*TO DO*: When the listing below reaches the line that has "Heutzutage gibt es", start reproducing exactly; stop after the line that has "Twins catcher Kurt", and drop the pictures.

*EXERCISE DATA*:
Start of Block

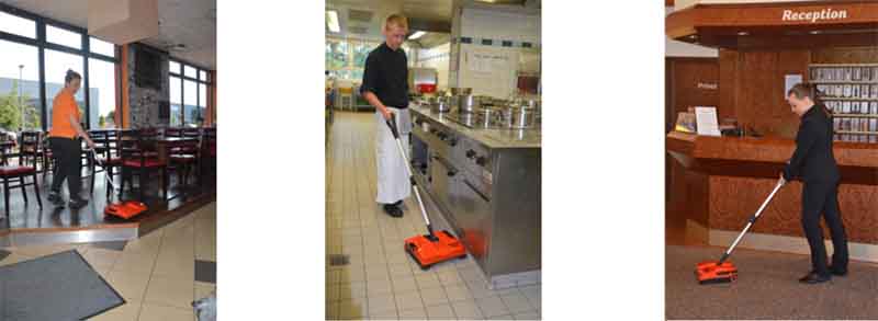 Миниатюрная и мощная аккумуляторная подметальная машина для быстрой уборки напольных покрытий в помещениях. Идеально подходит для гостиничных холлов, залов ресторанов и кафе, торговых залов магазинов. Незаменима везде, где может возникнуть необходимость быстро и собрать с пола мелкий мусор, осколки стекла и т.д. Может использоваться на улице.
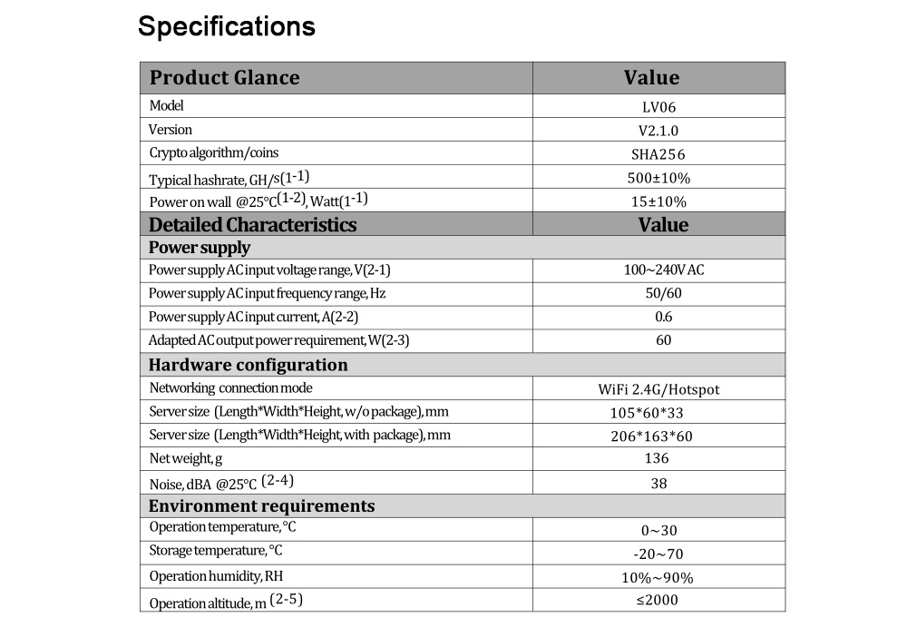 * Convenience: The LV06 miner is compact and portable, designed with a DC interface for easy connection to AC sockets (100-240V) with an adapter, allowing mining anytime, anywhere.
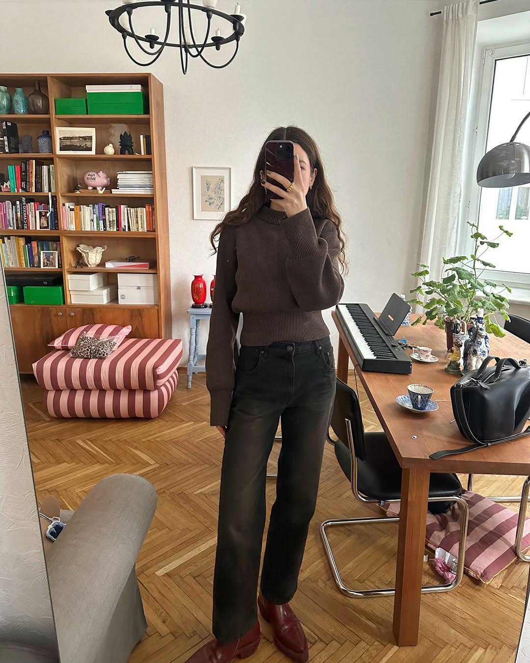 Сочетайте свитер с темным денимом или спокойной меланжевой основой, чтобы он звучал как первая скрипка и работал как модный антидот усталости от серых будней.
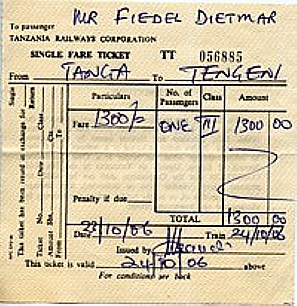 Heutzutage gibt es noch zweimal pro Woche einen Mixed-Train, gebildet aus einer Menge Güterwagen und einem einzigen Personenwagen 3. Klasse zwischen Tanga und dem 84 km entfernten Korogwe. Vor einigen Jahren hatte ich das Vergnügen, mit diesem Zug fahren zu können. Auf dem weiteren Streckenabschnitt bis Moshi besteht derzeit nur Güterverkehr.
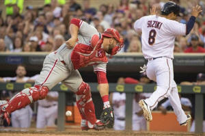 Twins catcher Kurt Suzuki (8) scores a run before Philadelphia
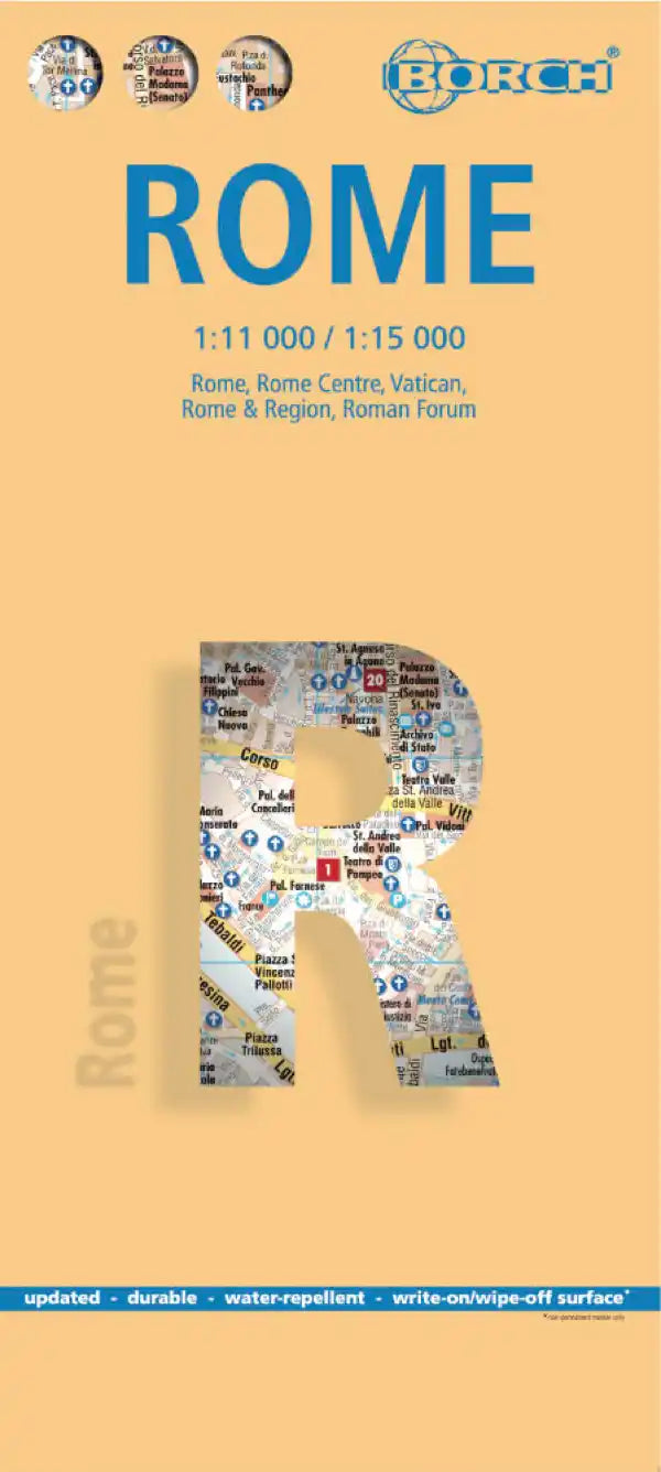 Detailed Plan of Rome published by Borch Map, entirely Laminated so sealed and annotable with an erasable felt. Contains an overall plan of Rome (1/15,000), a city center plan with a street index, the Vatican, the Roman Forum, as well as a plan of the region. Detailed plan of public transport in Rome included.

End of Block
Start of Block

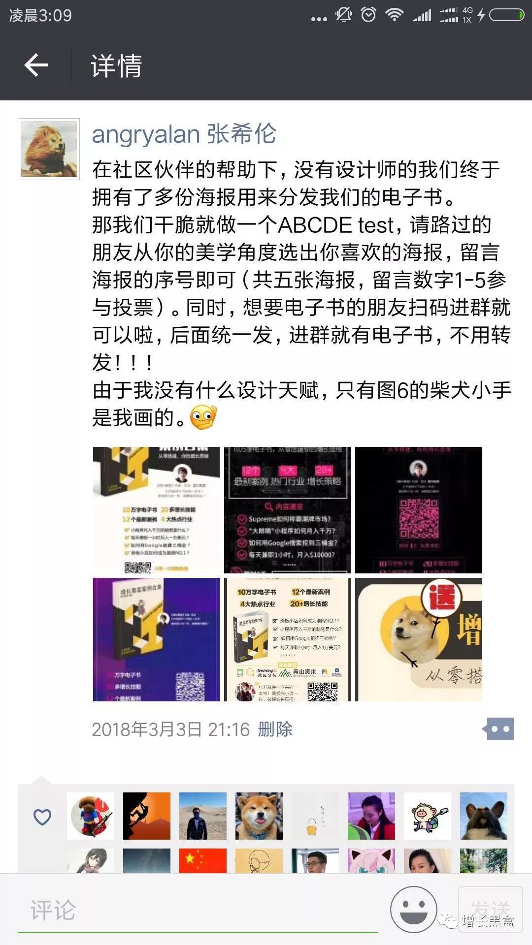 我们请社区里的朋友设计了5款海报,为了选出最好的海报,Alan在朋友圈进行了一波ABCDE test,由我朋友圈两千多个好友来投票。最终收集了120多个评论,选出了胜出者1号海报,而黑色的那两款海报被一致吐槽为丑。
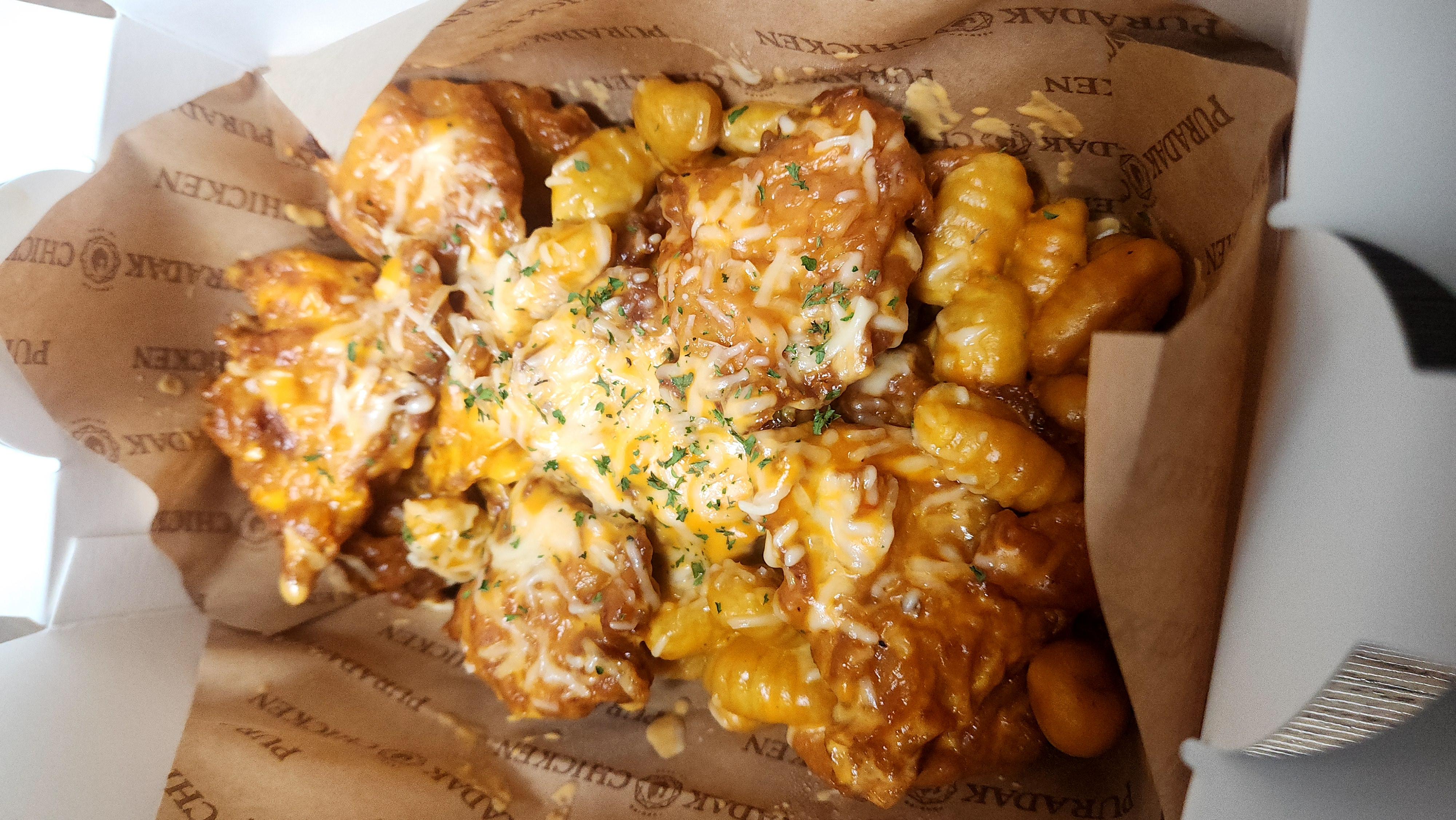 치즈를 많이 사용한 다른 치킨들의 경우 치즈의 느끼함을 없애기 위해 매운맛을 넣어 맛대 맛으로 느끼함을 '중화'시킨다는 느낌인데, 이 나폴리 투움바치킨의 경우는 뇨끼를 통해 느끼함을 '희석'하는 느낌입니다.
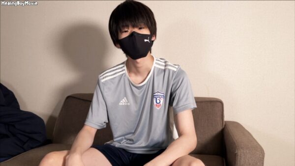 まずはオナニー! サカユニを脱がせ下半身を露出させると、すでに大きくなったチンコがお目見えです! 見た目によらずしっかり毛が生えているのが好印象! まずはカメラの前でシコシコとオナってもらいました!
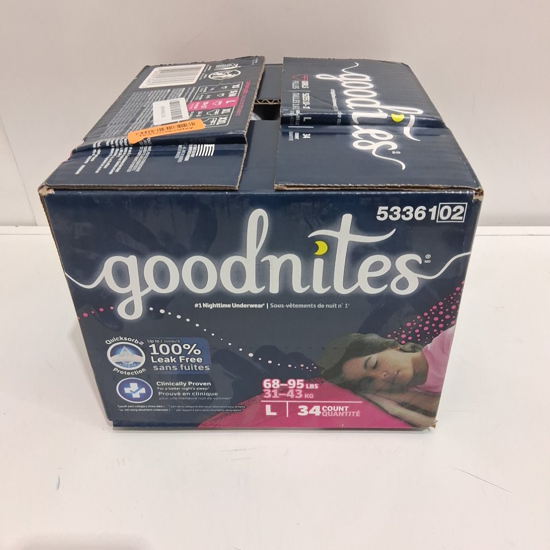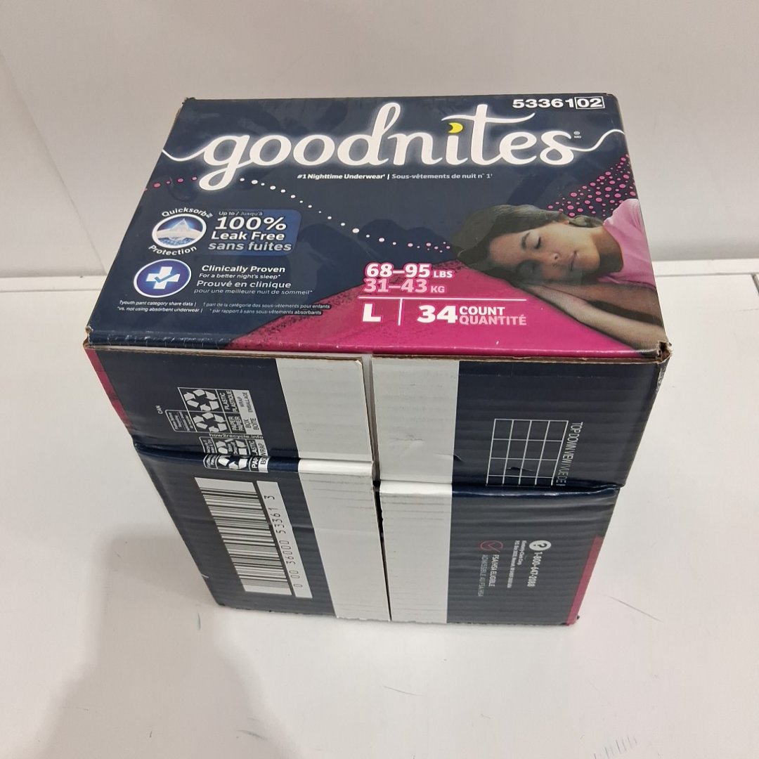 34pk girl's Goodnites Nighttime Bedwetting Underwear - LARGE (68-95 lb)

End of Block

*OUTPUT OF THE EXERCISE*:
 Heutzutage gibt es noch zweimal pro Woche einen Mixed-Train, gebildet aus einer Menge Güterwagen und einem einzigen Personenwagen 3. Klasse zwischen Tanga und dem 84 km entfernten Korogwe. Vor einigen Jahren hatte ich das Vergnügen, mit diesem Zug fahren zu können. Auf dem weiteren Streckenabschnitt bis Moshi besteht derzeit nur Güterverkehr.
 Twins catcher Kurt Suzuki (8) scores a run before Philadelphia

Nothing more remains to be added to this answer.